For me, I feel like I'm just steps into a new season in my life.  I'm dabbling at the threshold of a cumbersome and overwhelming doorway and am not quite sure how large or big or intense this season will be.  I feel the warmth of my Colorado season still faintly embracing my shoulders and the brightness of a spring-time like sun that shone during our 'transition to Texas'.  But the light from that transition is dimming as the routine of life takes over and the words 'settled in' escape my lips when responding to the question, "How are you guys doing?".  Along with that, I also feel a chill.  An unexpected and surprising chill for such a southern-lying state.  I look ahead with blurry vision and am hesitant to leave the comforts of that large doorway that lets me lean up against it for support on days when I'm wondering how in the world I wound up here.

I don't want this uncertainty to feel normal.  I don't want to be faced with a living with unfamiliar 'bigness' in a state that prides itself on the the very word.  I want to feel rooted.  I want to feel ingrained, planted firmly in the spongy, clay-like ground of this new community.

The gap between the event and the launch of this season gave me a false sense of hope.  It made me think that I would naturally take on the life of a stay at home mom without reverberating pangs of guilt and sorrow for the abandonment of a career that can only be described as a lifelong passion for the art of it all.  It made me think I'd fall seamlessly into a regimented schedule of laundry and dusting and story hours and Pinterest projects without the nagging desire for a bit of spontaneity or a day of lounging around watching Disney movies and Food Network.  The gap of time was glittery and shiny with the newness of life here in Texas.  The exploration of the area, the decoration of our home, the concept of palm trees as part of our local vegetation {sounds silly...but that was a huge deal for a while} and living in a place once again where the beach was just a relatively short drive away.  Sparkling.  New.  Sand and BBQ and humidity-soaked excitement that placated me long enough to ensure my kids would become acclimated quickly and fall into routine.  And they did.  In record time, it seemed.  I knew they would...kids are resilient that way.  I found {and still find} myself jealous of their adaptability, their transparency and acceptance and ability to move forward with life.

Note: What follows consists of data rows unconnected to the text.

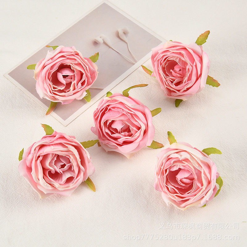 DIY手作りの花輪の材料はバラの花の頭のヨーロッパ式の復古のお茶のつぼみの花の胸の花のあめの箱の部品をシミュレーションします。
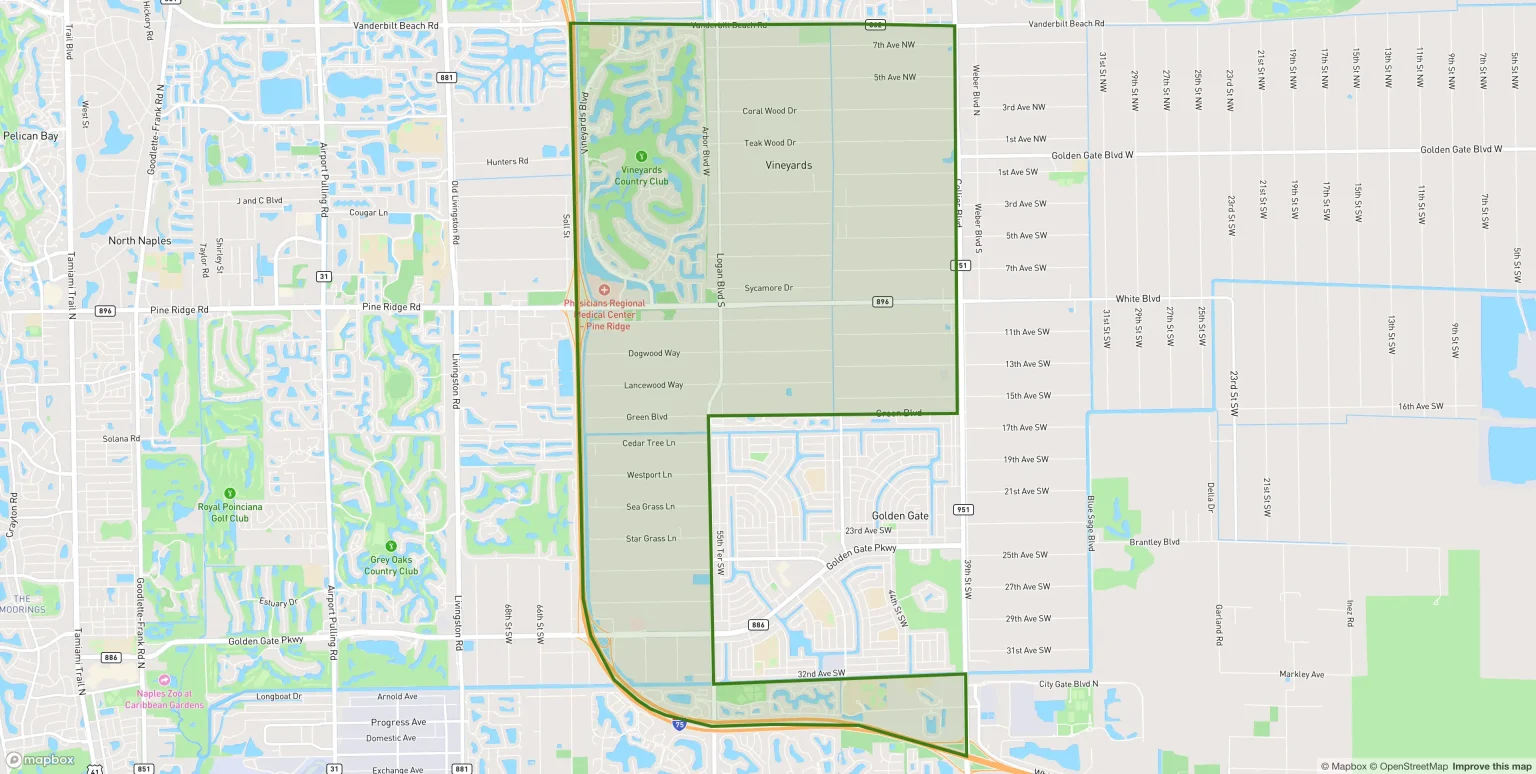 Most of Central Naples East can be divided into two unique sections. Vineyards, a large HOA golf and country club community occupies one section. The other consists of homes on 1 acre + lots within the non-HOA communities of Logan Woods and what some refer to as western portions of Golden Gate Estates. Within the latter are few opportunities for shopping and dining. Furthermore, roadway landscaping upkeep can be lacking.
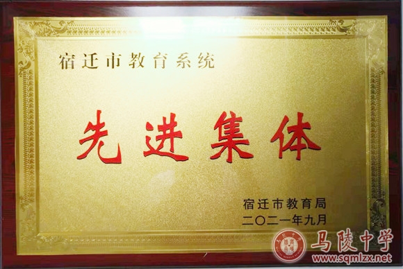 9月14日,马陵中学荣获宿迁市教育局颁发的“宿迁市教育系统先进集体”荣誉称号,刘琳同志荣获“宿迁市教育系统优秀教育工作者”荣誉称号,马品敢、李宝平、蒋守朋、蔡倩、苏晓同志荣获“市直教育系统优秀教育工作者”荣誉称号。
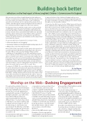 So how does this affect us as churches? What can we do? How do we fit in with this vision? We know we are all children of God and all of value to him, from the smallest child to the most mature person, and I know for some of you it seems as if we are always spending money on children and young people, but I call on you to now rethink that and focus on what you can do to improve the lives of the children in your community. I don't mean just those who come to church, but all children. What role does your church community play in the wider community? What are we as a Christian community doing to show God's love for all children? I'm not going to pretend this will be easy, it will not, or that everyone is equipped to do the work, but we all have gifts we can offer to serve the children, and families, around us. We have buildings that are under used, could they be opened for children's groups? What local charities are supporting families, can you get involved? We know about foodbanks and generally support them but what about other essentials, baby items, school uniform etc, could we be involved in setting up or supporting this, even if it is just to provide a distribution point. But most of all do we know what our community needs? It could be a support group for new parents, a toy library, support for parents of teenagers, or for those with additional needs. It could be a specialised club - for example a Lego club - built around children's interests. The impact these sorts of things have cannot be underestimated, a place to go where you are valued, where someone asks how you are you doing and is genuinely interested in the answer adds much to the lives of children and young people. There are so many opportunities to help, and so much work to be done, let us get on board and help 'Build back better'.
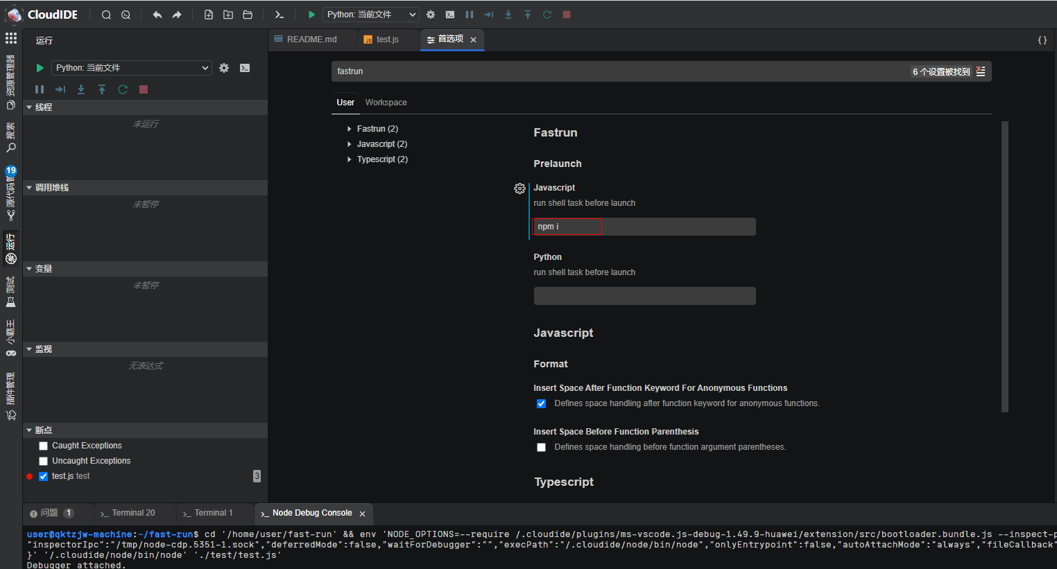 【摘要】 安装fast-run插件可以通过插件市场进行快速安装,在插件市场搜索fast-run,并选择安装。 快速运行/调试代码1.打开需要运行/调试的文件,当前支持Python和Javascript的代码。2.快速运行可通过右键菜单的“运行 (fast-run)”选项快速执行当前打开的文件。3.快速调试需要再打开的文件中打上断点,并且通过右键菜单的"调试 (fast-run)"选项进行快速调试。4...
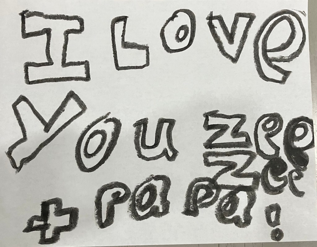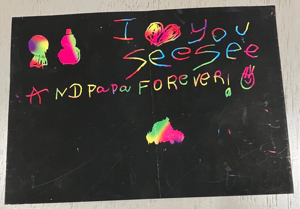 Art projects from little hands that say, “I love you Zee Zee and Papa!” Or the outstretched hand gifting you a Picasso saying, “I made this for you!”
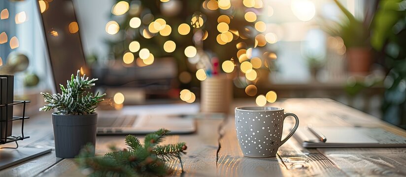 Desk decorated for Christmas with a festive ambiance and copy space image
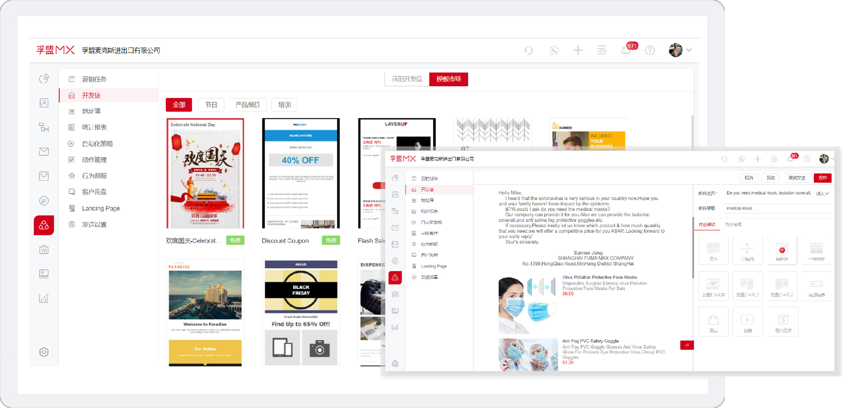综上是目前的外贸邮件营销的技巧和规则,当然,在这里建议借助专业的外贸邮件营销软件,比如孚盟MX邮件营销模块,是一款简单高效的外贸电子邮件发送模块,能够帮助你快速、精准地实现外贸邮件、开发信邮件和批量群发邮件的发送。并且内置海量模板,从内容到模板再到邮箱验证及导入一气呵成,解决外贸邮件营销效率低,不精准问题。
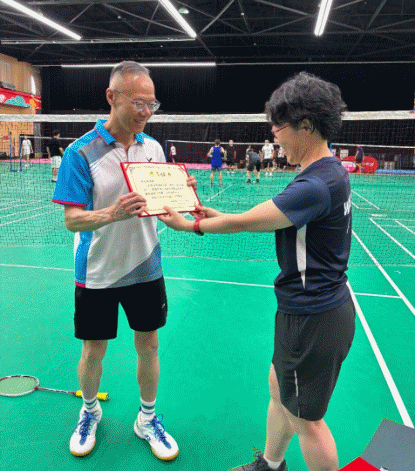 最终,“惊雷队”凭借稳定发挥问鼎冠军,“暴雨队”、“狂风队”与“闪电队”分列二至四名。在热烈的颁奖仪式上,“惊雷队”队长刘永在阵阵掌声与欢呼声中高举“寰羽杯”,将全场氛围推向高潮。本次颁奖还特别设置了一个温馨而庄重的环节,为退休职工龚晏邦老师颁发了“特殊贡献奖”,以感谢其长期以来对羽协活动的积极参与与大力支持,彰显了羽毛球运动在研究所中薪火相传、历久弥新的精神内涵。
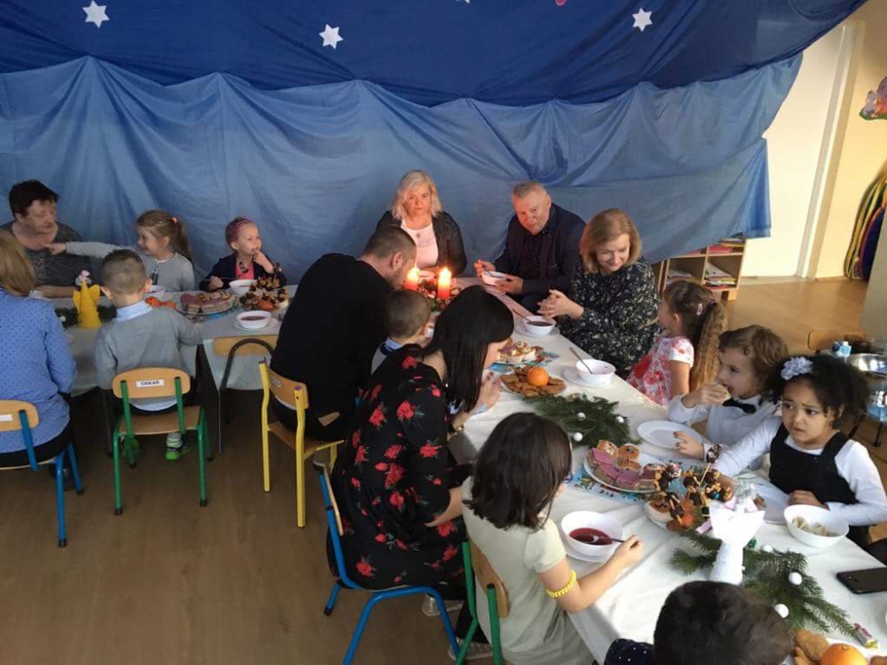 Spotkanie wigilijne w przedszkolu w Chełmsku Śląskim we wspaniałej oprawie świątecznej. Po życzeniach i przełamaniu się opłatkiem wszyscy zasiedli do pięknie przystrojonego świątecznego stołu, na którym znalazły się tradycyjne wigilijne potrawy.
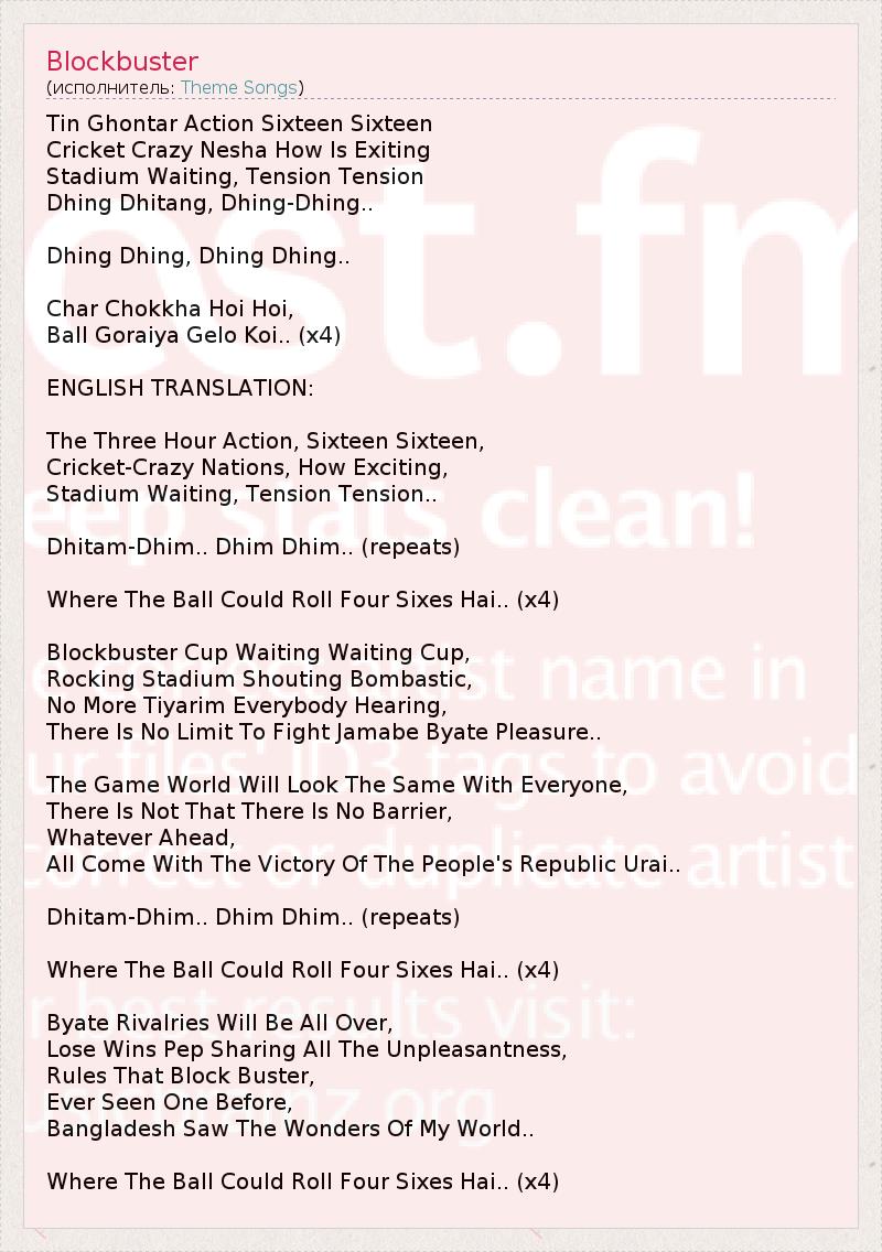 Tin Ghontar Action Sixteen Sixteen Cricket Crazy Nesha How Is Exiting Stadium Waiting, Tension Tension Dhing Dhitang, Dhing-Dhing.. Dhing Dhing, Dhing Dhing.. Char Chokkha Hoi Hoi, Ball Goraiya Gelo Koi.. (x4) ENGLISH TRANSLATION: The Three Hour Action, Sixteen Sixteen, Cricket-Crazy Nations, How Exciting, Stadium Waiting, Tension Tension.. Dhitam-Dhim.. Dhim Dhim.. (repeats) Where The Ball Could Roll Four Sixes Hai.. (x4) Blockbuster Cup Waiting Waiting Cup, Rocking Stadium Shouting Bombastic, No More Tiyarim Everybody Hearing, There Is No Limit To Fight Jamabe Byate Pleasure.. The Game World Will Look The Same With Everyone, There Is Not That There Is No Barrier, Whatever Ahead, All Come With The Victory Of The People's Republic Urai.. Dhitam-Dhim.. Dhim Dhim.. (repeats) Where The Ball Could Roll Four Sixes Hai.. (x4) Byate Rivalries Will Be All Over, Lose Wins Pep Sharing All The Unpleasantness, Rules That Block Buster, Ever Seen One Before, Bangladesh Saw The Wonders Of My World.. Where The Ball Could Roll Four Sixes Hai.. (x4)

I know God planned for that bright and shiny newness as a way to distract me from seeing this current season.  I know He didn't want me to see that this time of struggle and uncertainty would be one where I was faced with a catalog of emotions and feelings and soul-seeking moments.  Personally, it's hard.  This season isn't the gluttony of responsibilities and commitments with which I had ensnared myself in Colorado, but perhaps that's His way of telling me to lessen the burdens, to clear the path for growth in a different way.

While my calendar doesn't give a clue as to the length of this season and my field of vision does not reveal the inclination of a threshold somewhere on my horizon, I know this is just a season.  This time will pass, these pages will be written.  And from them, growth will occur.  Change will happen.  And life will continue to march on.  For I walk by faith, not by sight.